Upon consideration of the hearing officer's Recommended Order, and the arguments of the parties and after a review of the complete record in this matter, the Board makes the following findings:


FINDINGS OF FACT


  1. The hearing officer's findings of fact are hereby approved and adopted.


  2. There is competent, substantial evidence to support the hearing officer's findings of fact.


    CONCLUSIONS OF LAW


  3. The Board has jurisdiction of this matter pursuant to the provisions of Section 120.57(1), and Chapter 489, Florida Statutes.


  4. The hearing officer's conclusions of law, are hereby approved and adopted in toto.


  5. The hearing officer's recommended penalty is hereby rejected in part and the penalty imposed by the Board is as follows.


  6. There is competent substantial evidence to support the Board's findings and conclusions.

WHEREFORE, IT IS HEREBY ORDERED AND ADJUDGED:


The Respondent shall pay a fine of $1,000.00 within 30 days of the date of this order.


The Respondent's license is hereby SUSPENDED effective 30 days from the date of this order. If the Respondent makes payment as stated above within the required time the suspension will not be imposed. If he does not make payment timely he shall immediately mail his license to the Board Office at Post Office Box 2, Jacksonville, Florida 32201 or shall surrender the license to an investigator of the Department of Professional Regulation. If imposed, the suspension will be lifted upon payment.


Pursuant to Section 120.59, Florida Statutes, the parties are hereby notified that they may appeal this final order by filing one (1) copy of a notice of appeal with the clerk of the agency and by filing the filing fee and one (1) copy of a notice of appeal with the District Court of Appeal within thirty (30) days of the date of this order is filed.


DONE AND ORDERED this 4th day of February, 1985.

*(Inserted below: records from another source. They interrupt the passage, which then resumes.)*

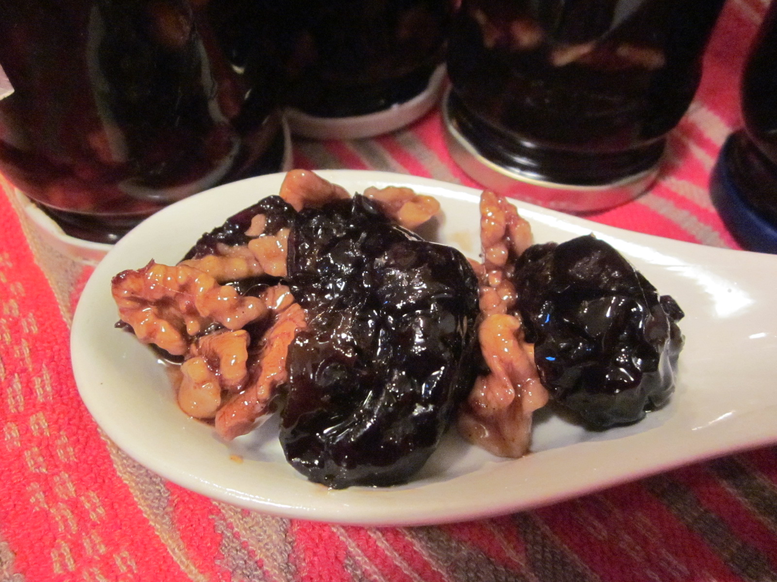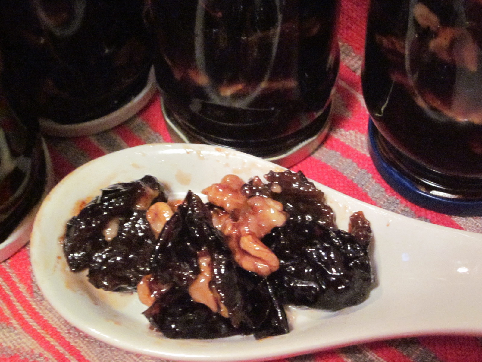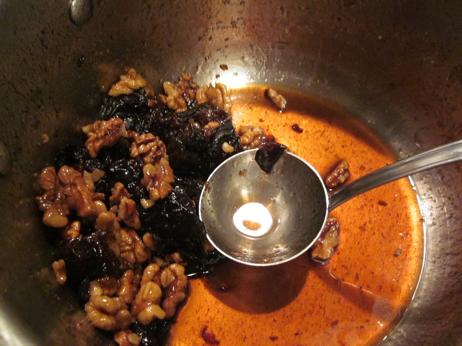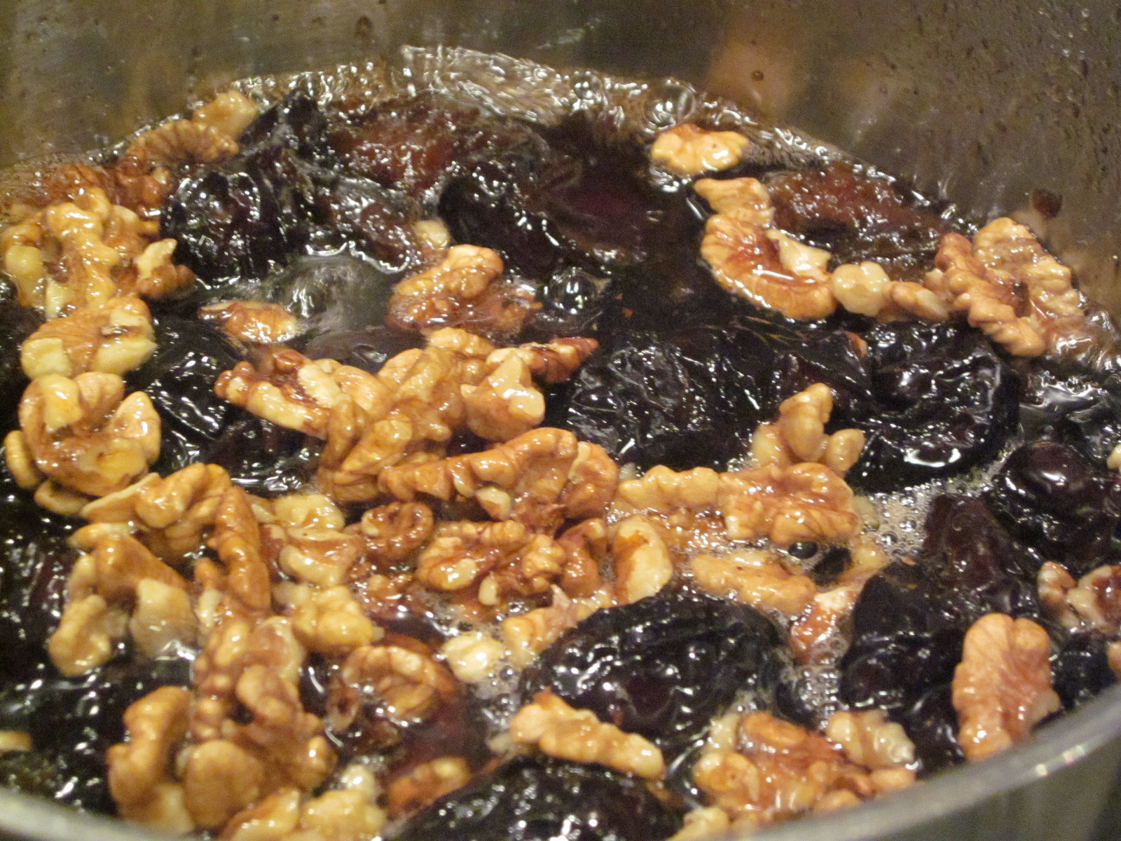 - Spre finalul fierberii , se fierbe la foc mic, adaugandu-se prunele fără sâmburi, lăsându-se la fiert cca. 30 de minute. Spre finalul fierberii se adaugă și nucile, lăsându-se cca. 5 minute la fiert.
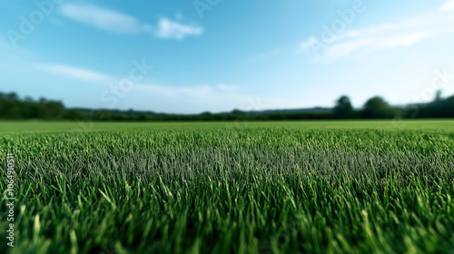 Close-up view of a lush green grassy field under a clear blue sky with distant blurred trees on the horizon
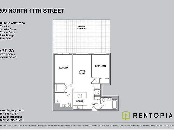 Welcome to this brand new 2bed/2bath with *Huge Private Terrace* in Prime Williamsburg! *Brand New Building right Infront of McCarren Park!* *NO FEE* This Apartment is Fully Equipped: - 2 bedrooms, 2 full bathrooms - Modern kitchen with high-end appliances - Floor-to-ceiling windows for abundant natural light - Stylish bathrooms with contemporary fixtures - Hardwood floors and elegant finishes throughout - In-unit washer and dryer for convenience -Spacious living and dining area - Private balcony First-Class Building Amenities: - Rooftop terrace with panoramic views - Bike room and a package room - State-of-the-art fitness center This building is located in Prime Williamsburg, Adjacent to McCarren Park, perfect for outdoor activities. Also in Proximity to a variety of cafes, restaurants, and entertainment options. Easy access to public transportation for effortless commuting! G & L train line are steps away so commuting to Manhattan will be a breeze! I can show all available apartments in this building Reach out to me about this apartment or any other Exclusive Rentopia Listings and ill provide you with the best fit possible! - Pet friendly - *Fast and easy approval process* - Easy online application *TEXT/CALL FOR QUICKER RESPONSE* Smoking allowed:No
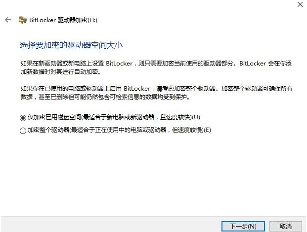 5、選擇要加密的驅(qū)動(dòng)器空間大小,根據(jù)提示按自己的需求選擇即可。
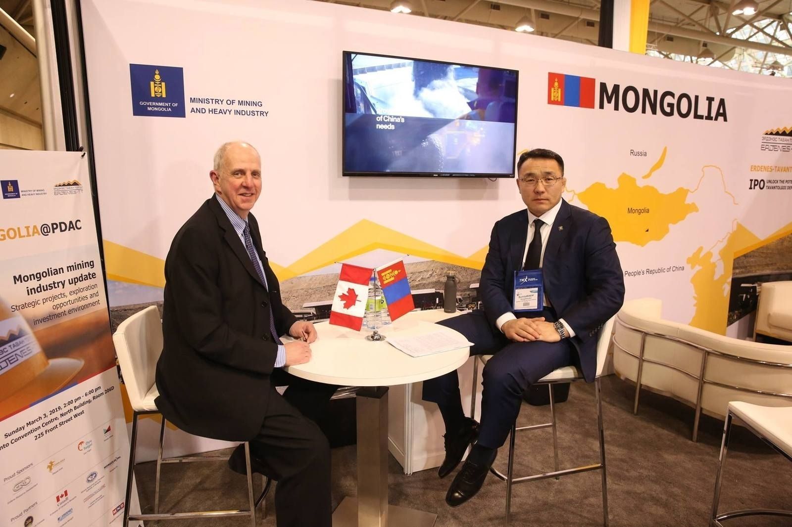 Mongolia@PDAC2019 арга хэмжээний нээлтэд Монгол Улсаас Канад улсад суугаа Онц бөгөөд Бүрэн эрхт Элчин сайд Я.Ариунболд, Канад улсаас Монгол Улсад суугаа Онц бөгөөд Бүрэн эрхт Элчин сайд Дэвид Спрул, УИХ-ын гишүүн А.Ундраа нар үг хэлж, Уул уурхай, хүнд үйлдвэрийн сайд Д.Сумъяабазар “Монгол Улсын уул уурхайн салбарын бодлого, хөгжил” сэдэвт илтгэл тавив.
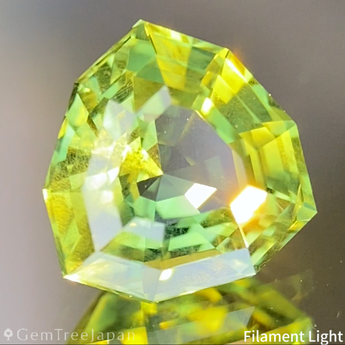 イエロー寄りのグリーンをベースに、ゴールドのシルクインクルージョンが全体に散りばめられたナイジェリア産サファイア。
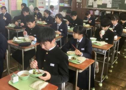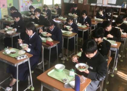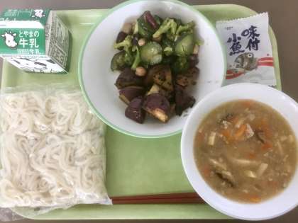 ソフト麺だ〜い好き! 公開日 2020/11/10 更新日 2020/11/10 今日の興南中 11月10日(火) 給食 今日の給食の献立は、「ソフト麺の肉みそがけ・牛乳・大学いも・ビーンズサラダ・味付小魚」でした。(写真:上) ソフト麺は、カレーライスに次ぐ、「No.2人気メニュー」です! (写真 中:3年3組のようす 下:3年2組のようす) 3年生の食欲は旺盛です!
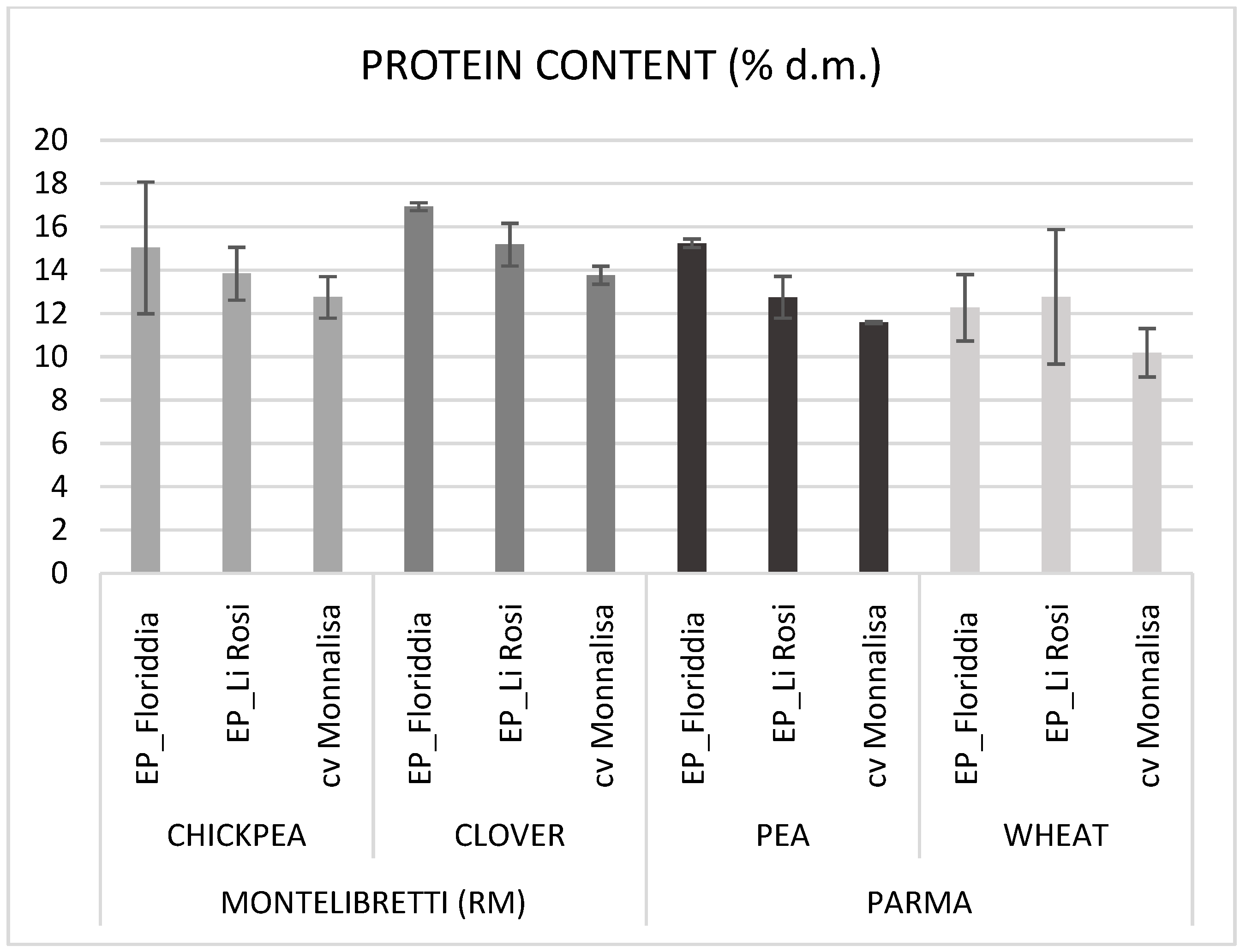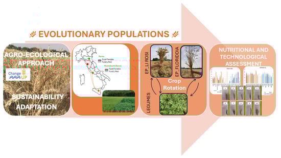 - Spaggiari, M.; Marchini, M.; Calani, L.; Dodi, R.; Di Pede, G.; Dall’Asta, M.; Scazzina, F.; Barbieri, A.; Righetti, L.; Folloni, S.; et al. Evolutionary Wheat Populations in High-Quality Breadmaking as a Tool to Preserve Agri-Food Biodiversity. Foods 2022, 11, 495. [Google Scholar] [CrossRef] [PubMed]

DONALD W. STOBS, Chairman Construction Industry Licensing Board


CERTIFICATE OF SERVICE


I HEREBY CERTIFY that a true and correct copy of the foregoing Final Order has been provided by certified mail to William Carlson, 10527 Pinto Drive, Hudson, Florida 33568, Daniel Rock, Esquire, 117 North blvd., New Port Richey, Florida 33552 and by hand delivery/United States mail to the Board Clerk, Department of Professional Regulation and its Counsel, 130 North Monroe Street, Tallahassee, Florida 32301, by 5:00 p.m., this 14th day of February, 1984


Docket for Case No: 83-001597
Issue Date Proceedings
Mar. 01, 1985 Final Order filed.
Jun. 08, 1984 Recommended Order sent out. CASE CLOSED.

Orders for Case No: 83-001597
Issue Date Document Summary
Feb. 13, 1985 Agency Final Order
Jun. 08, 1984 Recommended Order Respondent is guilty of aiding/abetting unlicensed contractor. Recommend suspension, fine and probation.